# k-Mer Composition

## Background Info

* **k-mer:** A length k substring of a genetic string.
* **k-mer composition:** The k-mer composition of a string $s$ encodes the number of times that each possible k-mer occurs in $s$.
* **exon:** A contiguous segment of RNA converted to mRNA for protein translation.
* **fragment assembly:** Algorithmic reconstruction of contiguous chromosomes from short fragments of DNA.

A genetic string of length $n$ can be seen as composed of $n - k + 1$ overlapping k-mers. The 1-mer composition is a generalization of the GC-content of a strand of DNA. The biological significance of a k-mer composition is manyfold. GC-content is helpful not only in helping to identify a piece of unknown DNA, but also because a genomic region having high GC-content compared to the rest of the genome signals that it may belong to an **exon**. Analyzing k-mer composition is vital to **fragment assembly** as well.

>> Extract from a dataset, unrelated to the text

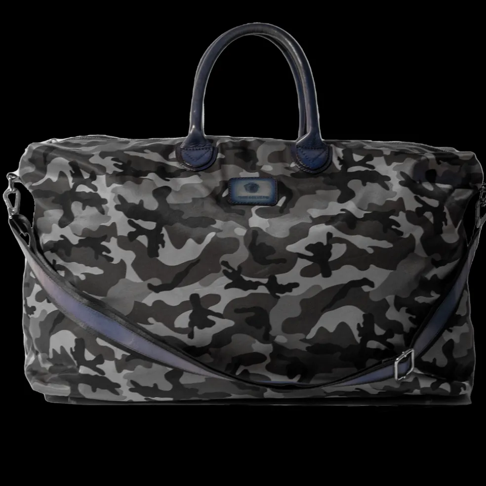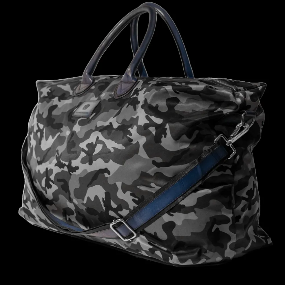 Les sacs de voyage, aussi appelés « duffle bags », sont particulièrement appréciés lors de déplacements de courte durée du type week-ends. Elégant, souple, léger et facile à porter, notre sac de voyage multicolore Duffy est fabriqué à partir d’un textile robuste qui convient donc pour un usage régulier et résistera aux mauvais traitements du transport. Confectionné à partir d’une toile de nylon, il a l’avantage de résister également à l’eau. Un sac de voyage parfait pour transporter toutes ses affaires grâce à un vaste espace de rangement : vêtements, trousse de toilette, laptop, portefeuille, clés, carnet… Avec son motif camouflage, ses poignées bleues et son discret logo Melvin & Hamilton, il n’attend plus que vous !

For larger values of $k$, the k-mer composition offers a more robust fingerprint of a string's identity because it offers an analysis on the scale of substrings (i.e. words) instead of that of single symbols. As a basis of comparison, in language analysis, the k-mer composition of a text can be used not only to pin down the language, but also often the author.

## Problem

For a fixed positive integer $k$, order all possible k-mers taken from an underlying alphabet lexicographically. Then the k-mer composition of a string $s$ can be represented by an array $A$ for which $A[m]$ denotes the number of times that the $m$th k-mer appears in $s$.

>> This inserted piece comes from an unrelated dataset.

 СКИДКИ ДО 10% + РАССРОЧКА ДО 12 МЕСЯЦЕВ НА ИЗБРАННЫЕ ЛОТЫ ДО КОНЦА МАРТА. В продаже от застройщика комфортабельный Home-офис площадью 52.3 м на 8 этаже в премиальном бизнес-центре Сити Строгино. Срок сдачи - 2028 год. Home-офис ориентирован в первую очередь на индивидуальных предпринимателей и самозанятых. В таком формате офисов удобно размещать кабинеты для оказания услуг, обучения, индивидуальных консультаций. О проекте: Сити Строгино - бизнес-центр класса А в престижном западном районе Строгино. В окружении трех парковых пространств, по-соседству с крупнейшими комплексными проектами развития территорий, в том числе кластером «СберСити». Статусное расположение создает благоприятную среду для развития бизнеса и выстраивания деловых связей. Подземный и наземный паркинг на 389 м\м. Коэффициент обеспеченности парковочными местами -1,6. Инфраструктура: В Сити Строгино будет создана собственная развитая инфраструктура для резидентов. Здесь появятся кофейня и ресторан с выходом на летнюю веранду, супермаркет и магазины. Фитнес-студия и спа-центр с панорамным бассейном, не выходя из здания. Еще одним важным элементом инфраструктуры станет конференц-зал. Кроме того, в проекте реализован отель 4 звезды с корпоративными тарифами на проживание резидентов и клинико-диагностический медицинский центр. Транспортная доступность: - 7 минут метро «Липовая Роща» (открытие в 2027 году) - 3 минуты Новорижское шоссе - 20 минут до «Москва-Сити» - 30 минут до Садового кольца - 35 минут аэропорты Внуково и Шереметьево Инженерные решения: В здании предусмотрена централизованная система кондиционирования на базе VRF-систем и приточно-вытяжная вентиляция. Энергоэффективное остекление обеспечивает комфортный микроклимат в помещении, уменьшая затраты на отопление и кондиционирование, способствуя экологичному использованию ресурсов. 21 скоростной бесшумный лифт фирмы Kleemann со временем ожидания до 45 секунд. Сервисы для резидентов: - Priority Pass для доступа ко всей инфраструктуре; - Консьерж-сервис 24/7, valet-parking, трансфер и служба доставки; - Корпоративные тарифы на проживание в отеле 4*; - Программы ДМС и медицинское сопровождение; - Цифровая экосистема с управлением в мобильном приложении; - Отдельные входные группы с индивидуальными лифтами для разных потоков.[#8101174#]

**Given:** A DNA string $s$ in FASTA format.<br>
**Return:** The 4-mer composition of $s$.

## Solution Explanation

1. Quaternary (base-4) numeral system can be used to represent the 4-mer substrings, where the quaternary numerals would be the indices of the 4-mers laid out in lexicographical order in an array.
2. Apply sliding window to count the number of all the 4-mer substrings in string $s$.